I think there are a couple of different ways to approach this question. We can either focus on the current government structure and legal framework, or we can explore it more philosophically, how we believe things should work.
Given that we’re in the middle of an election cycle, I’m choosing to look at it through the lens of our current system, not from an idealistic standpoint, if that makes sense.
In Canada, healthcare is universal and primarily a provincial responsibility. The federal government contributes through transfer payments, ensures provinces meet national standards, and regulates new treatments. Meanwhile, provincial governments manage the actual delivery of care, administer health insurance plans, oversee budgets and resource allocation, and license healthcare providers.
So when the federal Liberal leader says he would overturn a provincial regulation on youth transitioning, I see that as top-down interference. In Alberta, a strong majority supports the regulation. For the federal government to override that is, in my view, an example of overbearing control.

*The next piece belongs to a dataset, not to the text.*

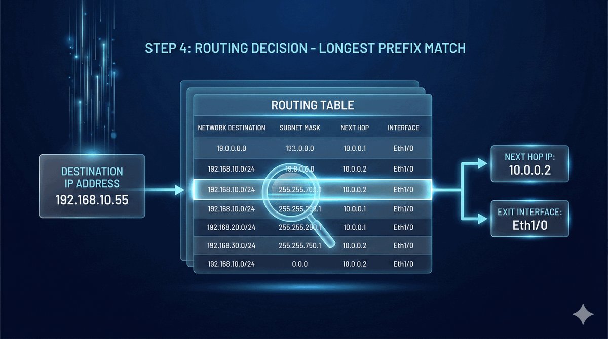 - Router przeszukuje tablicę routingu, aby znaleźć ścieżkę do sieci docelowej.

If healthcare weren’t universal and taxpayer-funded, we could have a different conversation. But under the current system, where my time, energy, and resources are taken through taxation to fund healthcare, I believe I should have some say in how those funds are used. Being compelled to contribute to something I fundamentally disagree with, especially when it involves children, is to me, a clear overstep of government authority.
The counter argument to my point, I'm assuming, from the Federal government's view, is that they are protection a minority's (trans-youth) constitutional rights.
Universal healthcare should be universal, therefore if Alberta is the only province with such laws, it makes it so that care is different across the nation, therefore not universal.
From their perspective, federal involvement isn’t government overreach, it’s a safeguard against provincial overreach.